Diane still clutched Robbie tightly. She’d never seen anything like this . . . fog . . . before, and was uncertain how to react. It was wondrous, whatever it was, even dazzling. Yet it was all tied up in her child’s disappearance—was somehow dangerous, and frightening as well. But she didn’t want to do the wrong thing: perhaps how she behaved or responded to this—whatever it was—would determine the fate of her baby. Maybe she needed to be brave, or be brassy. Or humble. Or . . . what? She was virtually paralyzed with possibilities, so she just stood there, ready for anything, holding her son.
Steve was both more scared than Diane was, and more angry.

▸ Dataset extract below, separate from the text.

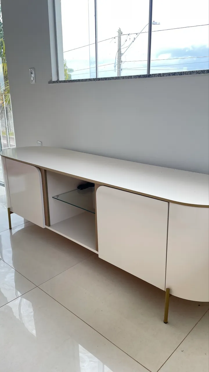 Apresentamos este elegante rack, perfeito para complementar sua sala de estar. Com design moderno e sofisticado, ele oferece espaço para TV e outros eletrônicos, além de adicionar um toque de charme ao ambiente.

He was a meat-and-potatoes man by nature, and this fantasy-come-real was just not in his universe. It was way out of bounds. He almost couldn’t believe he was seeing what he was seeing—but there it was. He was seeing it.
So Steve’s emotional state was as much a function of this disruption of the natural order of things as it was related to his missing child and unsettled household. He was wary of this lingering mist, and furious at it. And finally, his anger and his wariness made him believe it existed.
But the crawling mist wasn’t the most fantastic occurrence Steve had to accept before the night was over. For at that moment, a series of sparkles glittered in the air near the ceiling, where the jewelry had materialized previously, and something new appeared.
Something. A darkness, without shape. A formless damping of light. Its dimensions kept changing. And the darkness moved.
Floated through the air, paused, hovered, rose, circled, paused again. Like—very like—a creature of shadow, examining a new place.
Lesh felt an icy, cold fear run through her for the first time that night. She’d never seen or read of anything like this shadowy shapelessness in her life, but she’d heard of it only yesterday. From Tangina. Something the psychic had seen in her dr
eam . . . what had she said?—One is a shadow. A darkling creature I cannot comprehend. He is himself a conduit to another plane.
So here it was now. To Lesh, it had the sickening, terrible sense of déjà vu about it. Half remembered, half repressed. It was a sinking feeling, like falling in space. This creature was the mouth to nowhere.
“Stay away from it,” Lesh whispered with desperate urgency. “Don’t let it near you. It’s . . . I think it’s a tunnel to a different universe.”
Fear instantly crackled, static, electric.
Ryan tensed. “You mean . . . like a black hole? Black holes don’t move like that—this thing is alive. Besides, if a black hole was that big, it would have sucked in half the state by now.”
“I don’t know what a black hole is, and I don’t know what this is,” Lesh said carefully. “But Tangina said it was a ‘conduit to another plane,’ and I don’t like it.”
Nobody liked it. It was cold; it was unfathomable. It moved. It even seemed to have a certain sound about it, or perhaps it was an absence of sound. A sort of un-laughter.
It moved to a chair. It settled on the cushion. It moved on to the dining room table. The chair cushion was gone.
Vanished from where it had been sitting, as if it had been absorbed by the shadow-creature. Eaten.
The shadow-creature left the area of the dining room table. It began to migrate toward Diane.
“No!” she whispered, immediately almost out of control. Her face pulled taut; she gripped Robbie frantically. She couldn’t move a step. “No,” she whimpered.
The shadow came closer.
Suddenly there was another profusion of sparks near the ceiling . . . and a flame appeared. Appeared and grew, until it was the size, and vaguely the shape, of a man. A flame-creature, orange, pulsing, liquid. It soared down into the dining room like a fireball. It confronted the shadow.